━━━━━ Dataset excerpt

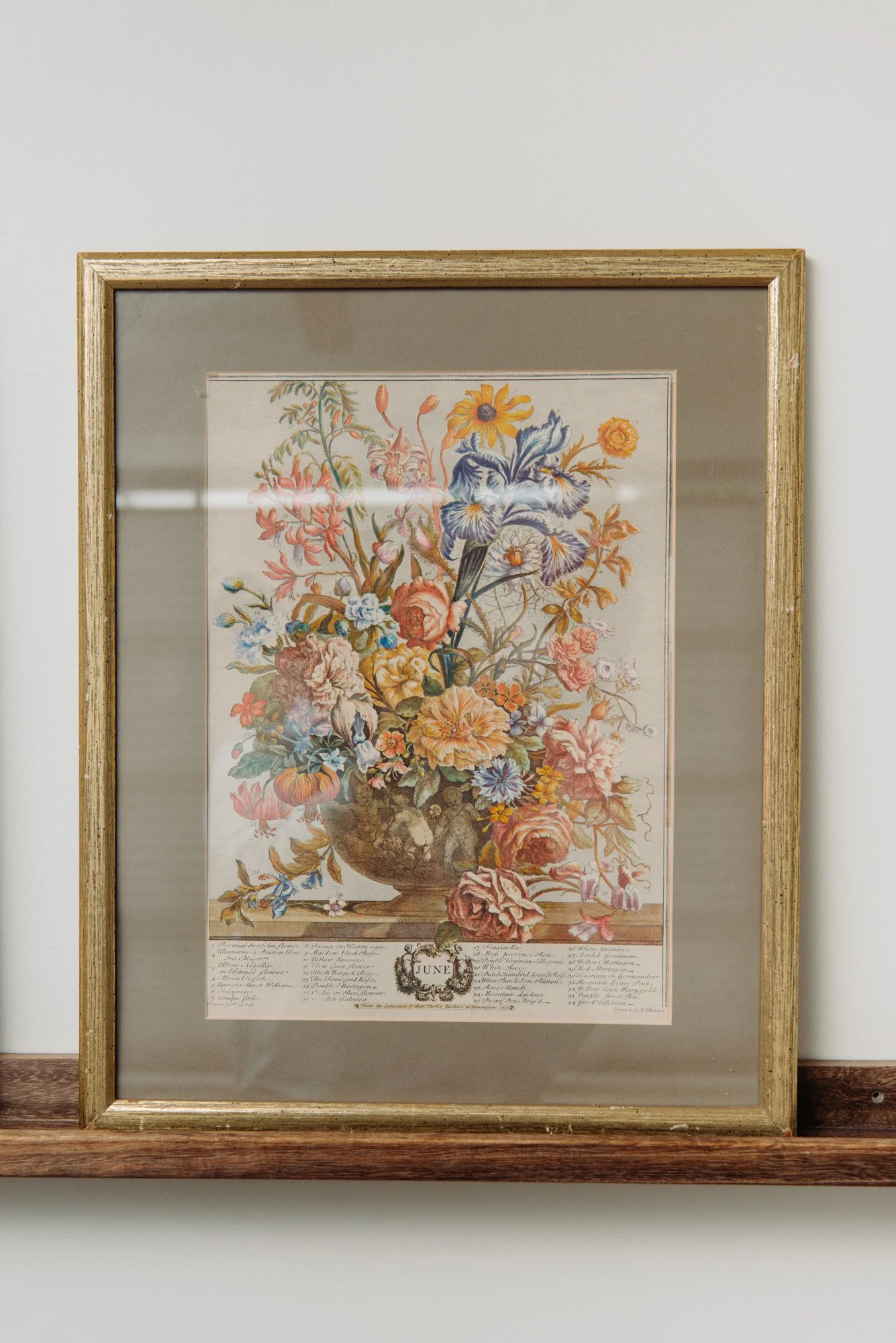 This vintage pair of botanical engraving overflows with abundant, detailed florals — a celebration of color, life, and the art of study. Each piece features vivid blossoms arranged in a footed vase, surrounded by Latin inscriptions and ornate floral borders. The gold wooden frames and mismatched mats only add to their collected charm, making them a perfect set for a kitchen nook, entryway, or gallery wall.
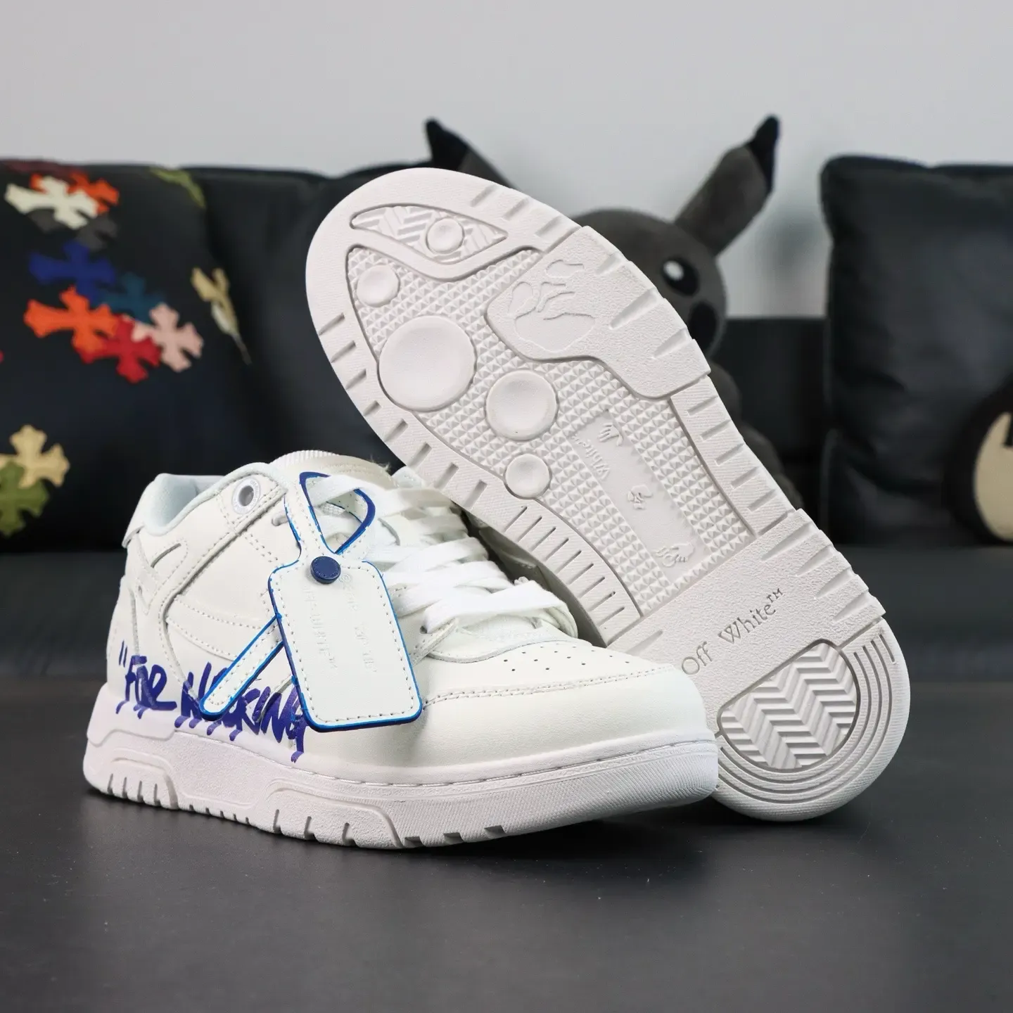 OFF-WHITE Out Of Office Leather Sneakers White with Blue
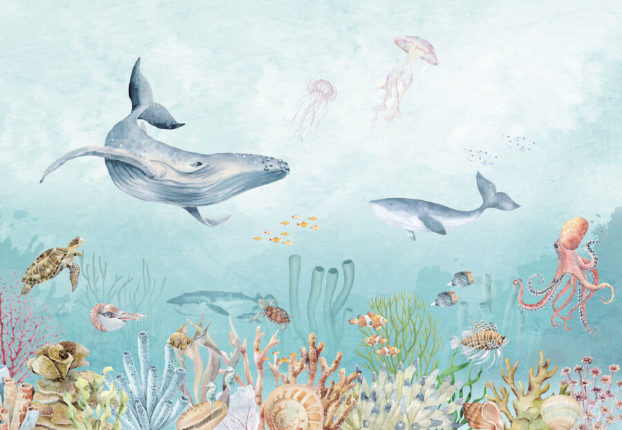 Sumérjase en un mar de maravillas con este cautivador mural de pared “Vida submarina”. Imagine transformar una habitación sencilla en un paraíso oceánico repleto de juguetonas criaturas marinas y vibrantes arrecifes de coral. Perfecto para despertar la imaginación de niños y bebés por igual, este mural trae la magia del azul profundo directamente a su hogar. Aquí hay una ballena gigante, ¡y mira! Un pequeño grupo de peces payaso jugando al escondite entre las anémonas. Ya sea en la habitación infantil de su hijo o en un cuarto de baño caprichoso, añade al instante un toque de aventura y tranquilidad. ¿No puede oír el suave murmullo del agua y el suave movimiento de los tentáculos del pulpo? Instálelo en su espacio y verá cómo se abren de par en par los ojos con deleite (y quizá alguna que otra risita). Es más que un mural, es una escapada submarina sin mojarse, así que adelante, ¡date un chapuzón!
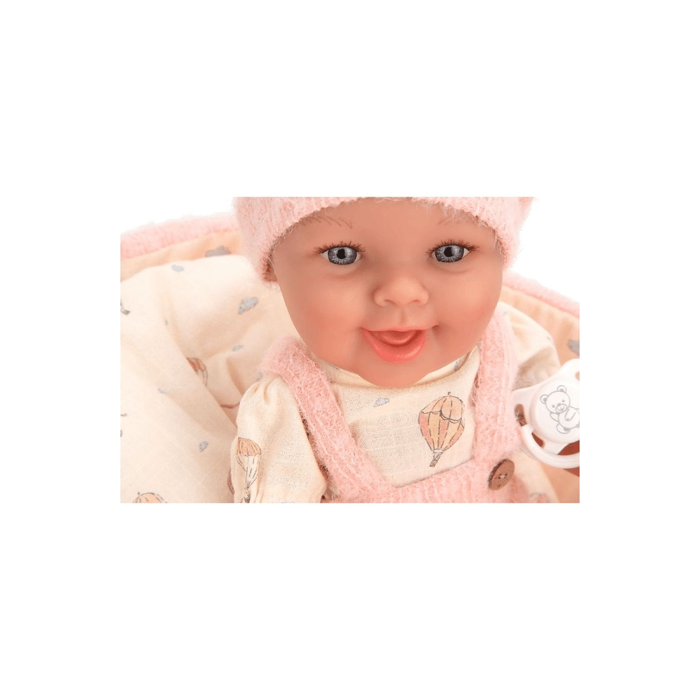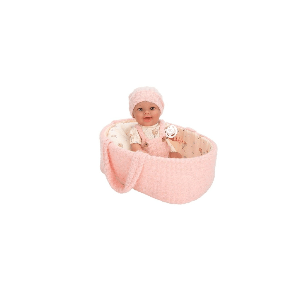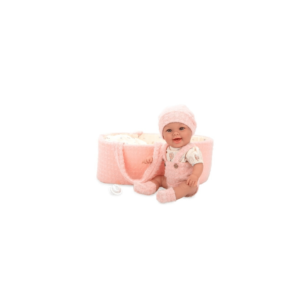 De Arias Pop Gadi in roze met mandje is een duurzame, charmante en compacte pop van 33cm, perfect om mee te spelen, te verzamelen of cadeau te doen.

━━━━━━━━━━

▶ _Action item_:
Give back the listing unchanged. Strip out the pictures.

▶ _Exercise output_:
 This vintage pair of botanical engraving overflows with abundant, detailed florals — a celebration of color, life, and the art of study. Each piece features vivid blossoms arranged in a footed vase, surrounded by Latin inscriptions and ornate floral borders. The gold wooden frames and mismatched mats only add to their collected charm, making them a perfect set for a kitchen nook, entryway, or gallery wall.
 OFF-WHITE Out Of Office Leather Sneakers White with Blue
 Sumérjase en un mar de maravillas con este cautivador mural de pared “Vida submarina”. Imagine transformar una habitación sencilla en un paraíso oceánico repleto de juguetonas criaturas marinas y vibrantes arrecifes de coral. Perfecto para despertar la imaginación de niños y bebés por igual, este mural trae la magia del azul profundo directamente a su hogar. Aquí hay una ballena gigante, ¡y mira! Un pequeño grupo de peces payaso jugando al escondite entre las anémonas. Ya sea en la habitación infantil de su hijo o en un cuarto de baño caprichoso, añade al instante un toque de aventura y tranquilidad. ¿No puede oír el suave murmullo del agua y el suave movimiento de los tentáculos del pulpo? Instálelo en su espacio y verá cómo se abren de par en par los ojos con deleite (y quizá alguna que otra risita). Es más que un mural, es una escapada submarina sin mojarse, así que adelante, ¡date un chapuzón!
 De Arias Pop Gadi in roze met mandje is een duurzame, charmante en compacte pop van 33cm, perfect om mee te spelen, te verzamelen of cadeau te doen.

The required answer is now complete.